穀物では、小麦、大麦、ライ麦、コメについて、収益格差をなくすために、同
じ価格水準とし、適地適作ができるようにしました。価格は、小規模農家が多く、
生産費のかかるドイツとイタリアを基準に決めています。このような政策がヨー
ロッパの食料自給率を高めてきた最大の要因でしょう。

2010年、世界の飢餓人口は9億2500万人にも及びます。飢餓人口が最も多いのが
アジア太平洋地域で、5億7800万人、62%を占めます。国連食糧農業機関(FAO)
は「子供が6秒に1人、飢えで死んでおり、飢餓問題は世界で最大の悲劇であり、
不名誉である」と訴えています。

農水省の「海外食糧需給レポート」によると、穀物の国際価格は昨年7月以降上
昇。06年秋ごろに比べると、米が1.7倍、大豆が2.3倍、小麦が1.7倍、トウモロ
コシが2.4倍となっており、過去最高値を記録した08年の水準に迫っています。

FAOは、食料価格が高騰したことで、「国際食料輸入代金は2010年に1兆ドルを
超える可能性がある」と警告しており、「世界の最も貧しい国々の食料輸入代金
は、2010年に11%、低所得食料不足国においては20%増加する」と指摘しています。

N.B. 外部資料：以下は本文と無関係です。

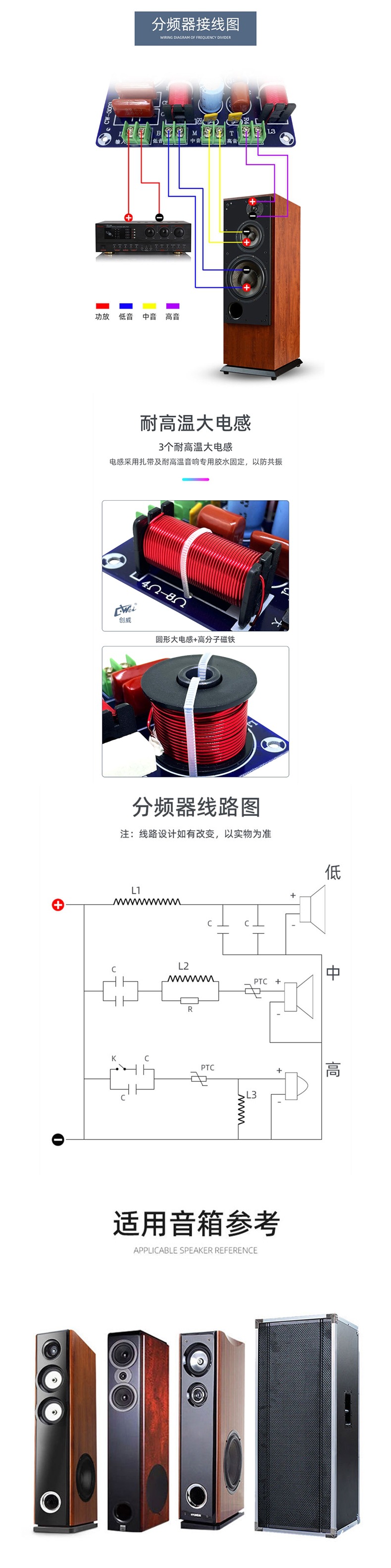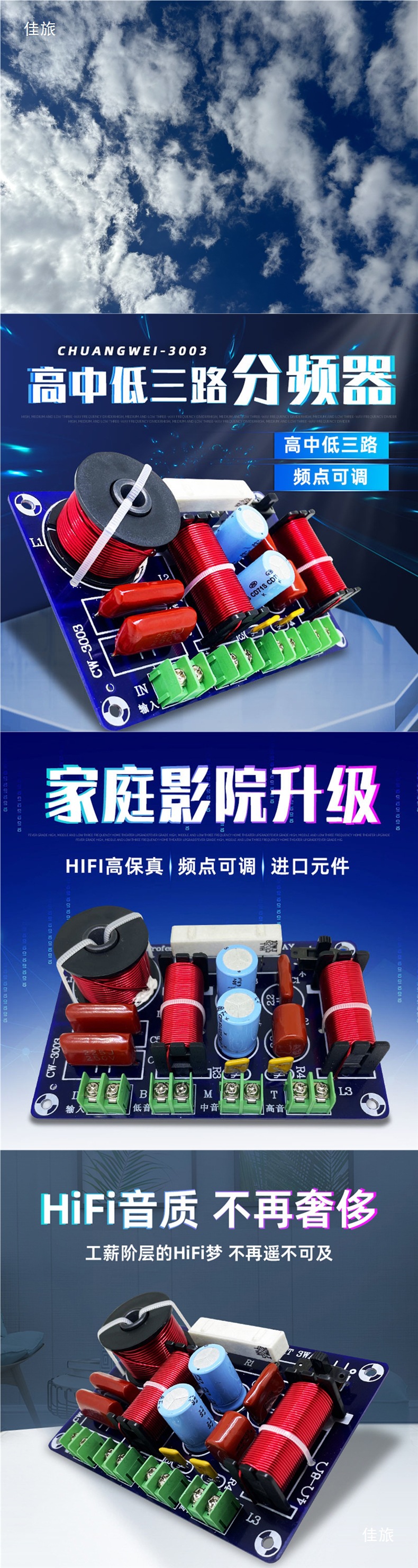 250W高分频器三分频发烧级HIFI家庭影院高中低音箱改装分音器

さらに「海外食糧需給レポート」は、世界の食糧消費量は生産量を上回っており、
2010年度の期末在庫量は19%に落ち込むと予測され、2019年度には13.3%と安全水
準(17~18%)を下回ると予測される、と指摘します。

FAOによれば、2050年には世界の人口は90億人を超えると予測されており、その
ための食糧確保には、開発途上国の農業へ、年間830億ドルの援助が必要だとし
ています。東アジアは経済成長と人口増加、生活水準の向上につれて、食料は
ますます必要になります。経済低迷が続く日本が生き残るためには、自給率の
向上しかありません。

農水省の調査によると、2009年農家所得は457万円(農産物販売104万円、農外
所得169万円、年金収入183万円)でした。農業の総産出額は8兆491億円で、前
年比4.9%減少。その内訳は畜産31.2%、野菜25.3%、米22.3%でした。米価の暴落
で米の収入が1位から3位に落ちています。

田畑に作物を植えつけた面積は424万4000ヘクタール、前年比2万1000ヘクタール
(田が7000ヘクタール)減っています。田畑合わせた耕地利用率は92.1%で、7年
連続減少。総耕地面積459万3000ヘクタールで、前年より16000ヘクタール減って
います。数字を見るまでもなく、担い手もなく、生活の見通しも立たず、日本の
農業が衰退しているのが分かります。しかし、政策次第では生き返らせることが
可能であるのは、ヨーロッパを見れば明らかです。

日本は気候は温暖で、水も豊富、勤勉な農民、農業技術の蓄積等々、農業生産
の条件に恵まれた国です。食料自給率を高め、他国からの輸入に依存せず、他
国の食料を奪わないことが、国際社会に貢献する道でもあるでしょう。

TPP問題には、日本医師会が加盟に懸念を表明していることを知りました。
医療が自由化されることで、日本の皆保険制度の崩壊の危険性が増す、とのこと
のようです。

菅総理は、TPPも消費税も6月までには結論を出すと、意気込んでいます。